Exercise instructions: Quote exactly the lines from the one with "The top is a" to the end of the data, both included; omit the pictures.

Given data:
☆ ☆ ☆ ☆

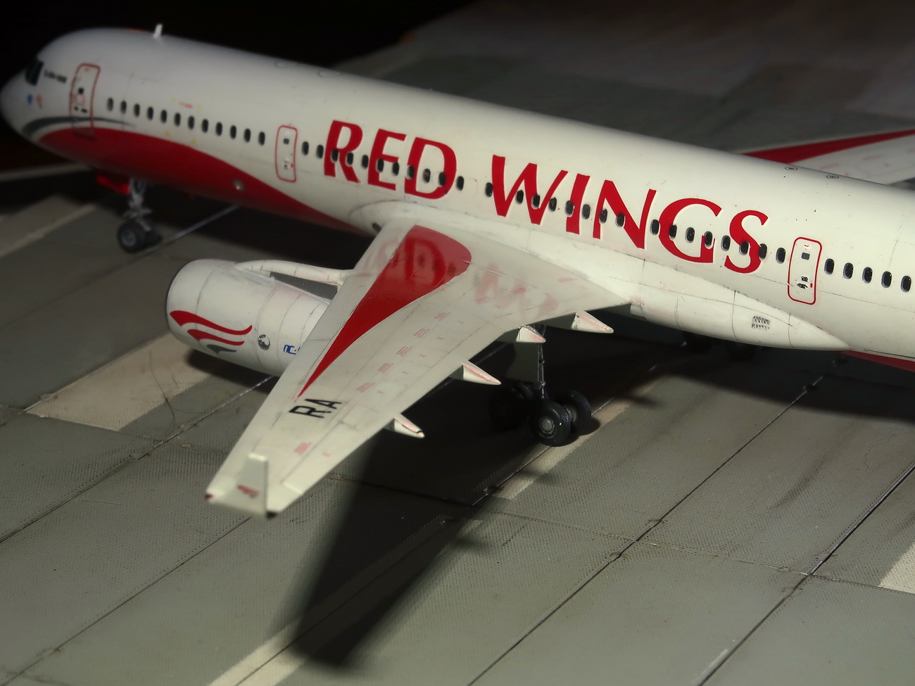 Володя, вот ткни пальцем, где граница красной декали может гулять, кроме одного места на левом крыле, где оторванная декаль докрашена аэром и одного стыка по правому борту в доли миллиметра)))
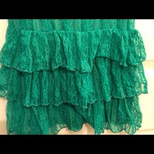 The top is a green ruffled tank top. It is lace at the top in the front and back. The material is a blend of Nylon and Spandex. The brand is Rue21
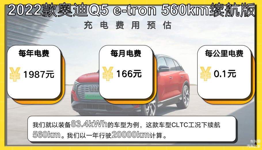 综合了保险、保养以及用电费用,我们得到Q5 e-tron每年的开销大概在12537元,每个月的平均花费不足1045元,整体的花费相对于其豪华车的身份来说非常便宜,主要归结于充电、保养的低廉优势。

☆ ☆ ☆ ☆

Answer space:
 The top is a green ruffled tank top. It is lace at the top in the front and back. The material is a blend of Nylon and Spandex. The brand is Rue21
 综合了保险、保养以及用电费用,我们得到Q5 e-tron每年的开销大概在12537元,每个月的平均花费不足1045元,整体的花费相对于其豪华车的身份来说非常便宜,主要归结于充电、保养的低廉优势。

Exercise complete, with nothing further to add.